> **Records provided**
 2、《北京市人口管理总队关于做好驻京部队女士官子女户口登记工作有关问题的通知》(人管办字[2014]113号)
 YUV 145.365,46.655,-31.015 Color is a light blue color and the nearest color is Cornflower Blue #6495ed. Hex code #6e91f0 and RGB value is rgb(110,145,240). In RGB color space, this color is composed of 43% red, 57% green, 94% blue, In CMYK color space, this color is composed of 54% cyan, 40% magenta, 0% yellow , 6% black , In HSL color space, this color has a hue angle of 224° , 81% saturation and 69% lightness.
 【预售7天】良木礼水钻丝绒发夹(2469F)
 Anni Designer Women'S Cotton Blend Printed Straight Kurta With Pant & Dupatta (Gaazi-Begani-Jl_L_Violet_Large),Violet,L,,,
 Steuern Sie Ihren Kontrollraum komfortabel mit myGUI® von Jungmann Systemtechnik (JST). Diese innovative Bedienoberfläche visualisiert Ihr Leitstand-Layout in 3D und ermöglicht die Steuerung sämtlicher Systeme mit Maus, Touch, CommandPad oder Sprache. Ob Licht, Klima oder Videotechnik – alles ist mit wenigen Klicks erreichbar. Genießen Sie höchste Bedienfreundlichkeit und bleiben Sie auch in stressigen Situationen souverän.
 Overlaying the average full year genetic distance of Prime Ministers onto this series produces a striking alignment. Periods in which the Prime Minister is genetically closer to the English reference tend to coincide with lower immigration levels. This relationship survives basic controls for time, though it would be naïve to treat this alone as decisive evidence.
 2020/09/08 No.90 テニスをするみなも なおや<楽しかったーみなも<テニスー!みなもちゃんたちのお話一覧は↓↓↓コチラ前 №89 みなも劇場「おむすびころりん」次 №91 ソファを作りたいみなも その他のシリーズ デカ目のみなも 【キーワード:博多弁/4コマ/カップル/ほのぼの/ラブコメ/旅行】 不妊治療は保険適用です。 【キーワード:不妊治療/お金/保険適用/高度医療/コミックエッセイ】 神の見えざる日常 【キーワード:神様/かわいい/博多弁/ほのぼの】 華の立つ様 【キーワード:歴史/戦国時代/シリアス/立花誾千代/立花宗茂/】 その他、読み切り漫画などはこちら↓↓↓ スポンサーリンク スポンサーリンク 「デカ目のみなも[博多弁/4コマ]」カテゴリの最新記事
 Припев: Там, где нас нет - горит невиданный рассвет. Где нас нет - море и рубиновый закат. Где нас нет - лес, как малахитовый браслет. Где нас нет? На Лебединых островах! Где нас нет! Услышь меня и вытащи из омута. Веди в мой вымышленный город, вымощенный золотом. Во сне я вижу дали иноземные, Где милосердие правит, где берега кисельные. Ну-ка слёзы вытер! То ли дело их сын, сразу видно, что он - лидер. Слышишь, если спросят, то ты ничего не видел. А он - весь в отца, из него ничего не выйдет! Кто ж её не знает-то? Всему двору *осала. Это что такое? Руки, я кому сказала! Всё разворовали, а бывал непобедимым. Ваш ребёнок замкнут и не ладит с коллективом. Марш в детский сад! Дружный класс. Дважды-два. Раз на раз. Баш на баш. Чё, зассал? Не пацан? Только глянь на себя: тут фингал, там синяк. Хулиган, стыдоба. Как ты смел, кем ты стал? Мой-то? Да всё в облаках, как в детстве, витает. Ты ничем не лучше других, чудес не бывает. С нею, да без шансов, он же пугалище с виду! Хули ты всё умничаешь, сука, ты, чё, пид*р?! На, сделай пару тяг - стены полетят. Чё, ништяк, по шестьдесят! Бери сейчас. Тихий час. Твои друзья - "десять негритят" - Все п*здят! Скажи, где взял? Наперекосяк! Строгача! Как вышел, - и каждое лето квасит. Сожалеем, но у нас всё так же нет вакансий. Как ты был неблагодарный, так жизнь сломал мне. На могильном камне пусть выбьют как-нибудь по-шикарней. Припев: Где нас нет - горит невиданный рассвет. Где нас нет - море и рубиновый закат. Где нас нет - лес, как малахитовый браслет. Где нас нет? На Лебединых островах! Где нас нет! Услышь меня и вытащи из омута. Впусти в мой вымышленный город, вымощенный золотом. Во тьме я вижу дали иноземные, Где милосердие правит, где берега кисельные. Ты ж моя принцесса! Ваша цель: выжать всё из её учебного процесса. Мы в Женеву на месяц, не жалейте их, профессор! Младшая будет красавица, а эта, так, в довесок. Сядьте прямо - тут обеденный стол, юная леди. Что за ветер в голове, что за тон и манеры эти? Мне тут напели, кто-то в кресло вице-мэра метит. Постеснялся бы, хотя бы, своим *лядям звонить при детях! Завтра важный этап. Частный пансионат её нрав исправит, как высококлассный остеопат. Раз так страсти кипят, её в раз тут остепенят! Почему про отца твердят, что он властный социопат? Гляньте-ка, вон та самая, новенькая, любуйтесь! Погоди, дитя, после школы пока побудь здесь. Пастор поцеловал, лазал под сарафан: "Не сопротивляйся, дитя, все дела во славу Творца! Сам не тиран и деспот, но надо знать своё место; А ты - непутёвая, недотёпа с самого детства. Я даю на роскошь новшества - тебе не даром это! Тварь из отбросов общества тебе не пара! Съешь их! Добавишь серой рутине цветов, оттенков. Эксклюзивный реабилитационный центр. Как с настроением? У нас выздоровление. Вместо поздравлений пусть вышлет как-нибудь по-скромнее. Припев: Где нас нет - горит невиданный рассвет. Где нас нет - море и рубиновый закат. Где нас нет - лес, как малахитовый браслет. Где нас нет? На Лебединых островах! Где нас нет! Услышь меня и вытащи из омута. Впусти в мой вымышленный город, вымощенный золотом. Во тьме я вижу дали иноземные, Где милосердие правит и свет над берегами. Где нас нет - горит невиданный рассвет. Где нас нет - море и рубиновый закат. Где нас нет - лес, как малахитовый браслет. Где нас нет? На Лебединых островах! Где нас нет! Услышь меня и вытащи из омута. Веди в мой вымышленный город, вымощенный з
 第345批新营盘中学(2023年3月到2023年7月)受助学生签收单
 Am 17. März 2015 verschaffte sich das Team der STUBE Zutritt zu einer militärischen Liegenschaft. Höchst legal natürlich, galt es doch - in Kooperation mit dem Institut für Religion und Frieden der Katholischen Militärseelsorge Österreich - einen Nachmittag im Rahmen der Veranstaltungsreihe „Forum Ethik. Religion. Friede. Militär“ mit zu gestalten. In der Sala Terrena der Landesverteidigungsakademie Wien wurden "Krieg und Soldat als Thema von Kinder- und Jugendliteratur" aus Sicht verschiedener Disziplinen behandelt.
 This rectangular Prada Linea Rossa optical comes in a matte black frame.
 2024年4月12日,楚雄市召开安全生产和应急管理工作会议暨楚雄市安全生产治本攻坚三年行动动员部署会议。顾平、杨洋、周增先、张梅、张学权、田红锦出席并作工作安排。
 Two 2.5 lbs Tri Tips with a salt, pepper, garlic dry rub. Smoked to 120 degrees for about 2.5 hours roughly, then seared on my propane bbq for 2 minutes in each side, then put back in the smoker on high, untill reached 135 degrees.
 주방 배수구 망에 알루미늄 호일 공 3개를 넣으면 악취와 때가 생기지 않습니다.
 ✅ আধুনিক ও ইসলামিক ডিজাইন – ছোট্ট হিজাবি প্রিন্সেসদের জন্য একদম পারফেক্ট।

> **How to complete this task**
In your response, reproduce the records exactly, every one.

> **Output for this exercise**
 2、《北京市人口管理总队关于做好驻京部队女士官子女户口登记工作有关问题的通知》(人管办字[2014]113号)
 YUV 145.365,46.655,-31.015 Color is a light blue color and the nearest color is Cornflower Blue #6495ed. Hex code #6e91f0 and RGB value is rgb(110,145,240). In RGB color space, this color is composed of 43% red, 57% green, 94% blue, In CMYK color space, this color is composed of 54% cyan, 40% magenta, 0% yellow , 6% black , In HSL color space, this color has a hue angle of 224° , 81% saturation and 69% lightness.
 【预售7天】良木礼水钻丝绒发夹(2469F)
 Anni Designer Women'S Cotton Blend Printed Straight Kurta With Pant & Dupatta (Gaazi-Begani-Jl_L_Violet_Large),Violet,L,,,
 Steuern Sie Ihren Kontrollraum komfortabel mit myGUI® von Jungmann Systemtechnik (JST). Diese innovative Bedienoberfläche visualisiert Ihr Leitstand-Layout in 3D und ermöglicht die Steuerung sämtlicher Systeme mit Maus, Touch, CommandPad oder Sprache. Ob Licht, Klima oder Videotechnik – alles ist mit wenigen Klicks erreichbar. Genießen Sie höchste Bedienfreundlichkeit und bleiben Sie auch in stressigen Situationen souverän.
 Overlaying the average full year genetic distance of Prime Ministers onto this series produces a striking alignment. Periods in which the Prime Minister is genetically closer to the English reference tend to coincide with lower immigration levels. This relationship survives basic controls for time, though it would be naïve to treat this alone as decisive evidence.
 2020/09/08 No.90 テニスをするみなも なおや<楽しかったーみなも<テニスー!みなもちゃんたちのお話一覧は↓↓↓コチラ前 №89 みなも劇場「おむすびころりん」次 №91 ソファを作りたいみなも その他のシリーズ デカ目のみなも 【キーワード:博多弁/4コマ/カップル/ほのぼの/ラブコメ/旅行】 不妊治療は保険適用です。 【キーワード:不妊治療/お金/保険適用/高度医療/コミックエッセイ】 神の見えざる日常 【キーワード:神様/かわいい/博多弁/ほのぼの】 華の立つ様 【キーワード:歴史/戦国時代/シリアス/立花誾千代/立花宗茂/】 その他、読み切り漫画などはこちら↓↓↓ スポンサーリンク スポンサーリンク 「デカ目のみなも[博多弁/4コマ]」カテゴリの最新記事
 Припев: Там, где нас нет - горит невиданный рассвет. Где нас нет - море и рубиновый закат. Где нас нет - лес, как малахитовый браслет. Где нас нет? На Лебединых островах! Где нас нет! Услышь меня и вытащи из омута. Веди в мой вымышленный город, вымощенный золотом. Во сне я вижу дали иноземные, Где милосердие правит, где берега кисельные. Ну-ка слёзы вытер! То ли дело их сын, сразу видно, что он - лидер. Слышишь, если спросят, то ты ничего не видел. А он - весь в отца, из него ничего не выйдет! Кто ж её не знает-то? Всему двору *осала. Это что такое? Руки, я кому сказала! Всё разворовали, а бывал непобедимым. Ваш ребёнок замкнут и не ладит с коллективом. Марш в детский сад! Дружный класс. Дважды-два. Раз на раз. Баш на баш. Чё, зассал? Не пацан? Только глянь на себя: тут фингал, там синяк. Хулиган, стыдоба. Как ты смел, кем ты стал? Мой-то? Да всё в облаках, как в детстве, витает. Ты ничем не лучше других, чудес не бывает. С нею, да без шансов, он же пугалище с виду! Хули ты всё умничаешь, сука, ты, чё, пид*р?! На, сделай пару тяг - стены полетят. Чё, ништяк, по шестьдесят! Бери сейчас. Тихий час. Твои друзья - "десять негритят" - Все п*здят! Скажи, где взял? Наперекосяк! Строгача! Как вышел, - и каждое лето квасит. Сожалеем, но у нас всё так же нет вакансий. Как ты был неблагодарный, так жизнь сломал мне. На могильном камне пусть выбьют как-нибудь по-шикарней. Припев: Где нас нет - горит невиданный рассвет. Где нас нет - море и рубиновый закат. Где нас нет - лес, как малахитовый браслет. Где нас нет? На Лебединых островах! Где нас нет! Услышь меня и вытащи из омута. Впусти в мой вымышленный город, вымощенный золотом. Во тьме я вижу дали иноземные, Где милосердие правит, где берега кисельные. Ты ж моя принцесса! Ваша цель: выжать всё из её учебного процесса. Мы в Женеву на месяц, не жалейте их, профессор! Младшая будет красавица, а эта, так, в довесок. Сядьте прямо - тут обеденный стол, юная леди. Что за ветер в голове, что за тон и манеры эти? Мне тут напели, кто-то в кресло вице-мэра метит. Постеснялся бы, хотя бы, своим *лядям звонить при детях! Завтра важный этап. Частный пансионат её нрав исправит, как высококлассный остеопат. Раз так страсти кипят, её в раз тут остепенят! Почему про отца твердят, что он властный социопат? Гляньте-ка, вон та самая, новенькая, любуйтесь! Погоди, дитя, после школы пока побудь здесь. Пастор поцеловал, лазал под сарафан: "Не сопротивляйся, дитя, все дела во славу Творца! Сам не тиран и деспот, но надо знать своё место; А ты - непутёвая, недотёпа с самого детства. Я даю на роскошь новшества - тебе не даром это! Тварь из отбросов общества тебе не пара! Съешь их! Добавишь серой рутине цветов, оттенков. Эксклюзивный реабилитационный центр. Как с настроением? У нас выздоровление. Вместо поздравлений пусть вышлет как-нибудь по-скромнее. Припев: Где нас нет - горит невиданный рассвет. Где нас нет - море и рубиновый закат. Где нас нет - лес, как малахитовый браслет. Где нас нет? На Лебединых островах! Где нас нет! Услышь меня и вытащи из омута. Впусти в мой вымышленный город, вымощенный золотом. Во тьме я вижу дали иноземные, Где милосердие правит и свет над берегами. Где нас нет - горит невиданный рассвет. Где нас нет - море и рубиновый закат. Где нас нет - лес, как малахитовый браслет. Где нас нет? На Лебединых островах! Где нас нет! Услышь меня и вытащи из омута. Веди в мой вымышленный город, вымощенный з
 第345批新营盘中学(2023年3月到2023年7月)受助学生签收单
 Am 17. März 2015 verschaffte sich das Team der STUBE Zutritt zu einer militärischen Liegenschaft. Höchst legal natürlich, galt es doch - in Kooperation mit dem Institut für Religion und Frieden der Katholischen Militärseelsorge Österreich - einen Nachmittag im Rahmen der Veranstaltungsreihe „Forum Ethik. Religion. Friede. Militär“ mit zu gestalten. In der Sala Terrena der Landesverteidigungsakademie Wien wurden "Krieg und Soldat als Thema von Kinder- und Jugendliteratur" aus Sicht verschiedener Disziplinen behandelt.
 This rectangular Prada Linea Rossa optical comes in a matte black frame.
 2024年4月12日,楚雄市召开安全生产和应急管理工作会议暨楚雄市安全生产治本攻坚三年行动动员部署会议。顾平、杨洋、周增先、张梅、张学权、田红锦出席并作工作安排。
 Two 2.5 lbs Tri Tips with a salt, pepper, garlic dry rub. Smoked to 120 degrees for about 2.5 hours roughly, then seared on my propane bbq for 2 minutes in each side, then put back in the smoker on high, untill reached 135 degrees.
 주방 배수구 망에 알루미늄 호일 공 3개를 넣으면 악취와 때가 생기지 않습니다.
 ✅ আধুনিক ও ইসলামিক ডিজাইন – ছোট্ট হিজাবি প্রিন্সেসদের জন্য একদম পারফেক্ট।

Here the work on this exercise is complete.